In this post I will describe a nice clean way to monitor things that are internal to Kubernetes using Prometheus and the Prometheus Operator.  The advantage of this approach is that it allows the Operator to manage and monitor infrastructure, and it allows Kubernetes to do what it’s good at; make sure the things you want are running for you in an easy to maintain, declarative manifest.

If you are already familiar with the concepts in Kubernetes then this post should be pretty straight forward.  Otherwise, you can pretty much copy/paste most of these manifests into your cluster and you should have a good way to monitor things in your environment that are external to Kubernetes.

Below is an example of how to monitor external network devices using the Prometheus SNMP exporter.  There are many other exporters that can be used to monitor infrastructure that is external to Kubernetes but currently it is recommended to set up these configurations outside of the Prometheus Operator to basically separate monitoring concerns (which I plan on writing more about in the future).

Create the deployment and service

Here is what the deployment might look like.

apiVersion: apps/v1beta1
kind: Deployment
metadata:
  name: snmp-exporter
spec:
  replicas: 1
  selector:
    matchLabels:
      app: snmp-exporter
  template:
    metadata:
    labels:
      app: snmp-exporter
  spec:
    containers:
    - image: oakman/snmp-exporter
    command: ["/bin/snmp_exporter"]
    args: ["--config.file=/etc/snmp_exporter/snmp.yml"]
    name: snmp-exporter
    ports:
    - containerPort: 9116
      name: metrics

And the accompanying service.

apiVersion: v1
kind: Service
metadata:
  labels:
    app: snmp-exporter
  name: snmp-exporter
spec:
  ports:
  - name: http-metrics
    port: 9116
    protocol: TCP
    targetPort: metrics
  selector:
    app: snmp-exporter

At this point you would have a pod in your cluster, attached to a static IP address.  To see if it worked you can check to make sure a service IP was created.  The service is basically what the Operator uses to create targets in Prometheus.

kubectl get sv

From this point you can 1) set up your own instance of Prometheus using Helm or by deploying via yml manifests or 2) set up the Prometheus Operator.

Today we will walk through option 2, although I will probably cover option 1 at some point in the future.

Setting up the Prometheus Operator

The beauty of using the Prometheus Operator is that it gives you a way to quickly add or change Prometheus specific configuration via the Kubernetes API (custom resource definition) and some custom objects provided by the operator, including AlertManager, ServiceMonitor and Prometheus objects.

The first step is to install Helm, which is a little bit outside of the scope of this post but there are lots of good guides on how to do it.  With Helm up and running you can easily install the operator and the accompanying kube-prometheus manifests which give you access to lots of extra Kubernetes metrics, alerts and dashboards.

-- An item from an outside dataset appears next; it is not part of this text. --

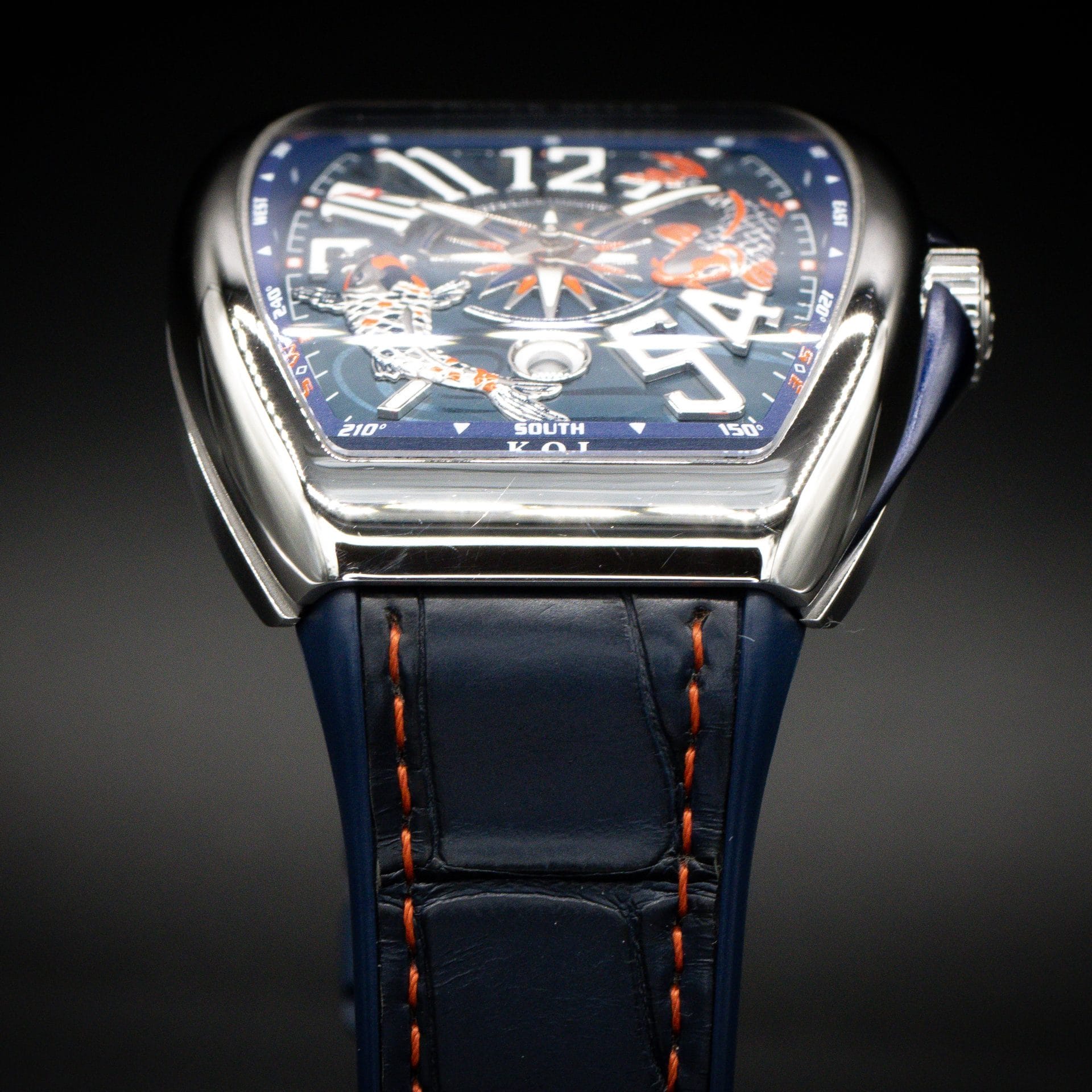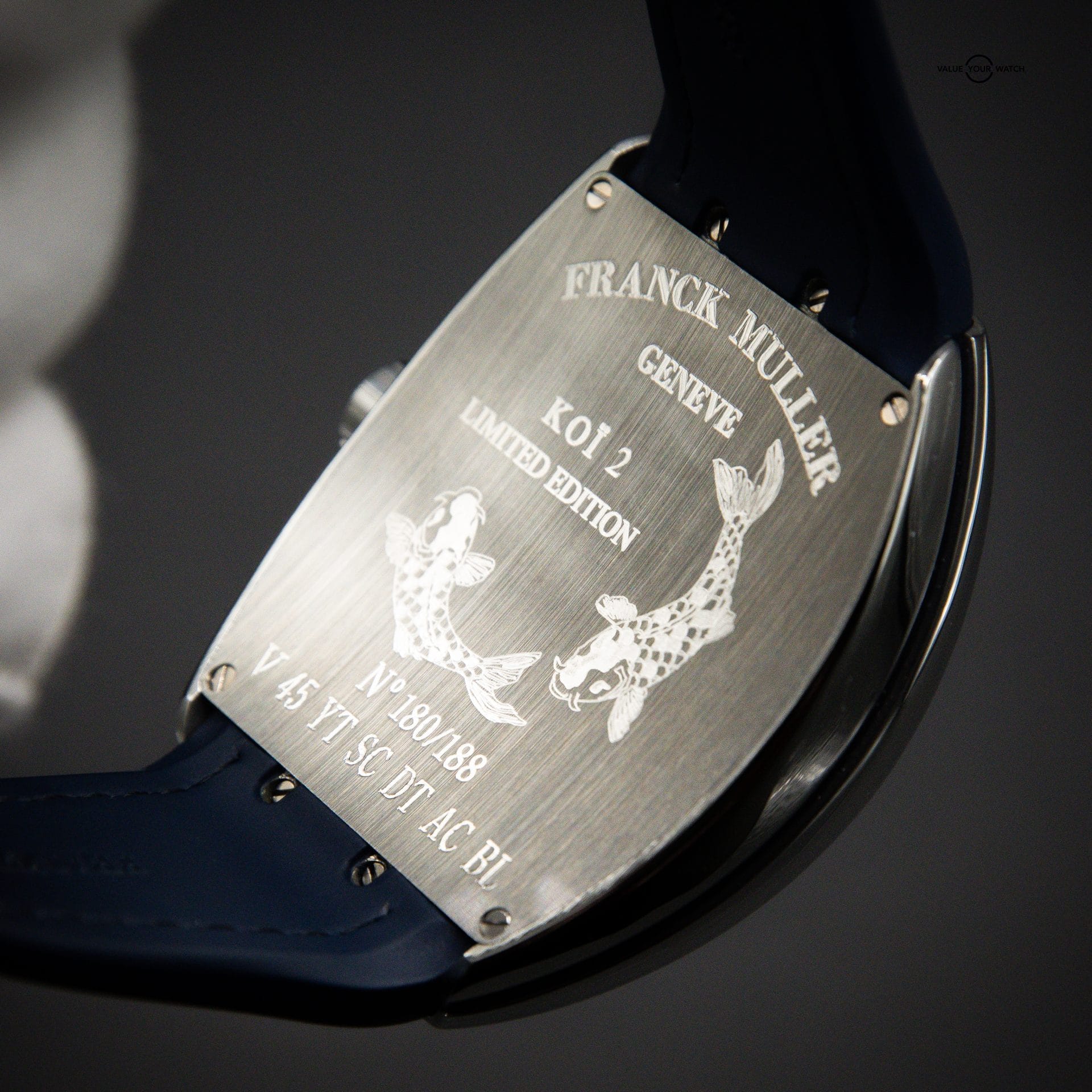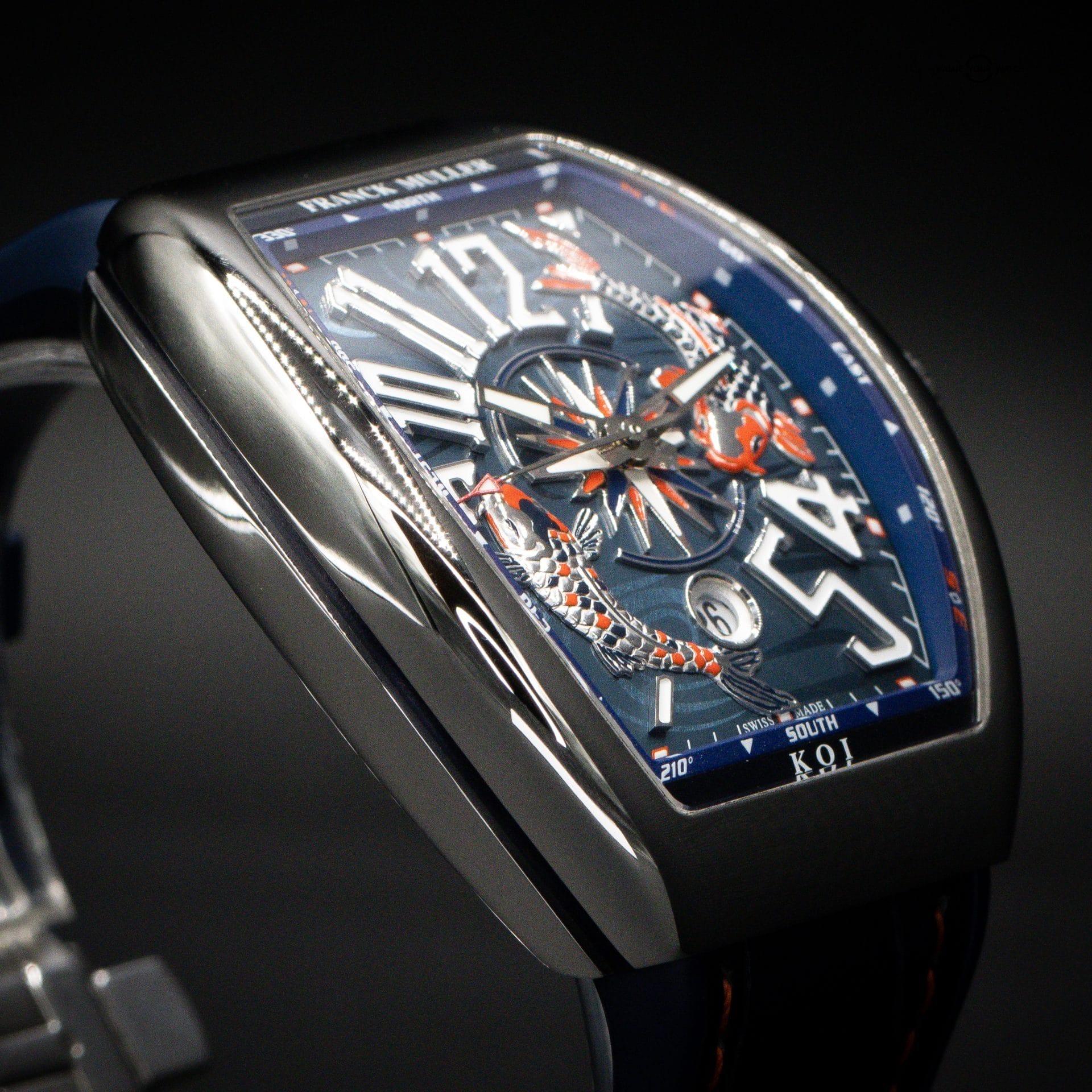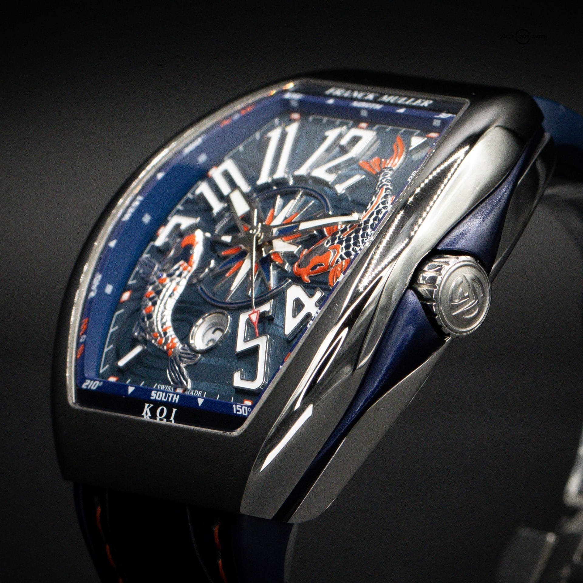 Behold the epitome of elegance and precision crafted in the form of the FM Vanguard Koi Generation II Limited Edition. It boasts a 44 stainless steel tonneau case that marries strength with sophistication. Adorning the azure backdrop of its dial, a mesmerizing symphony of time unfolds, accentuated by a subtle date aperture at the 6 o’clock mark, inviting you to delve into moments past and future. Shielding this masterpiece is a scratch-resistant sapphire crystal.

helm repo add coreos https://s3-eu-west-1.amazonaws.com/coreos-charts/stable/
helm install --name prometheus-operator --set rbacEnable=true --namespace monitoring coreos/prometheus-operator
helm install coreos/kube-prometheus --name kube-prometheus --namespace monitoring

After a few moments you can check to see that resources were created correctly as a quick test.

kubectl get pods -n monitoring

NOTE: You may need to manually add the “prometheus” service account to the monitoring namespace after creating everything.  I ran into some issues because Helm didn’t do this automatically.  You can check this with kubectl get events.

Prometheus Operator configuration

Below are steps for creating custom objects (CRDs) that the Prometheus Operator uses to automatically generate configuration files and handle all of the other management behind the scenes.

These objects are wired up in a way that configs get reloaded and Prometheus will automatically get updated when it sees a change.  These object definitions basically convert all of the Prometheus configuration into a format that is understood by Kubernetes and converted to Prometheus configuration with the operator.

First we make a servicemonitor for monitoring the the snmp exporter.

apiVersion: monitoring.coreos.com/v1
kind: ServiceMonitor
metadata:
  labels:
    k8s-app: snmp-exporter
    prometheus: kube-prometheus # tie servicemonitor to correct Prometheus
  name: snmp-exporter
spec:
  jobLabel: k8s-app
  selector:
    app: snmp-exporter
  namespaceSelector:
    matchNames:
    - monitoring

  endpoints:
  - interval: 60s
    port: http-metrics
    params:
      module:
      - if_mib # Select which SNMP module to use
      target:
      - 1.2.3.4 # Modify this to point at the SNMP target to monitor
    path: "/snmp"
    targetPort: 9116

Next, we create a custom alert and tie it our Prometheus Operator.  The alert doesn’t do anything useful, but is a good demo for showing how easy it is to add and manage alerts using the Operator.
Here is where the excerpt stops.